Calculate The Energy Of A 475 Nm Photon.

Photon Energy Calculator

Use this interactive physics calculator to find photon energy in joules, electronvolts, frequency, and kilojoules per mole. It is preloaded for a wavelength of 475 nm, which sits in the blue region of the visible spectrum.

Calculator

Formula Used

E = hc / λ

Constants

h, c, N_A

Default Example

475 nm blue light

How to calculate the energy of a 475 nm photon

To calculate the energy of a 475 nm photon, you use one of the most important equations in modern physics: E = hc / λ. In this expression, E is the energy of one photon, h is Planck’s constant, c is the speed of light in a vacuum, and λ is the wavelength. Because 475 nm is in the blue part of the visible spectrum, the resulting energy is high enough to be clearly visible to the human eye and is greater than the energy of red light, which has a longer wavelength.

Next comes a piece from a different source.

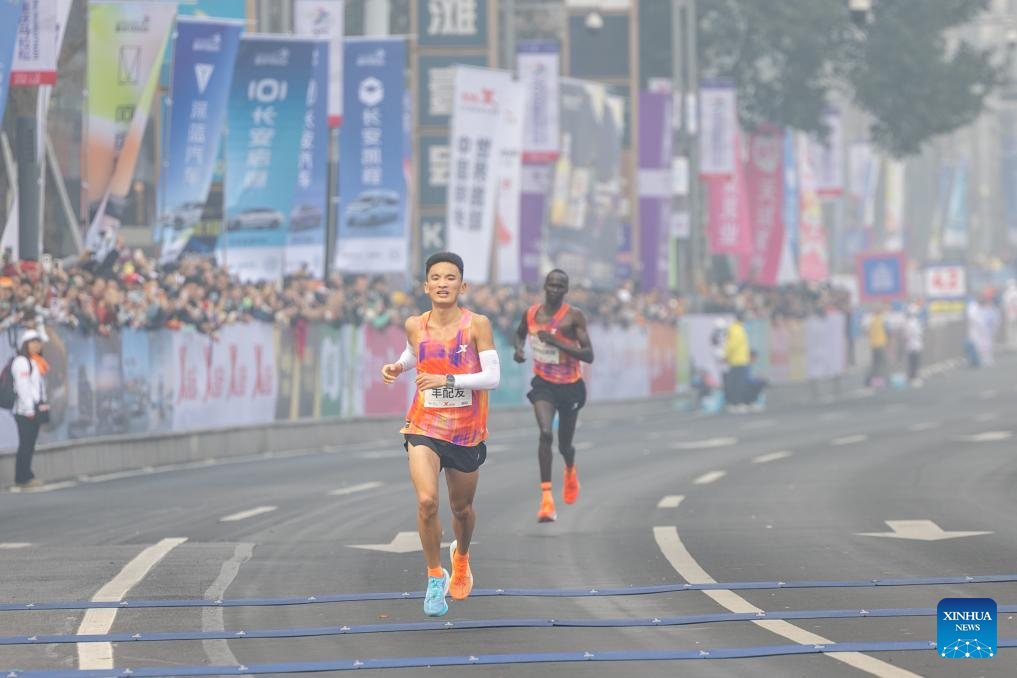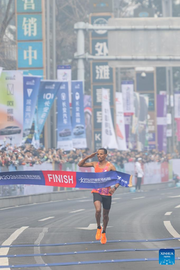 Adisu Tesfahun Tafere of Ethiopia crosses the finishing line and crowns the men's title during the Chongqing Marathon 2026 in Nan'an District of Chongqing Municipality, southwest China, Jan. 18, 2026. Some 25 thousand runners took part in this sport event here on Sunday. (Xinhua/Huang Wei)

E = hc / λ = (6.62607015 × 10^-34 J·s)(2.99792458 × 10⁸ m/s) / (475 × 10^-9 m)

When the calculation is done correctly, a 475 nm photon has an energy of about 4.18 × 10^-19 joules per photon. That same amount is about 2.61 eV per photon, or roughly 251.9 kJ/mol when scaled to one mole of photons. These values are all equivalent expressions of the same physical reality. Scientists, chemistry students, physics instructors, and engineers often switch among these units depending on the application. Physicists may favor joules, chemists often use kilojoules per mole, and atomic or semiconductor calculations frequently use electronvolts.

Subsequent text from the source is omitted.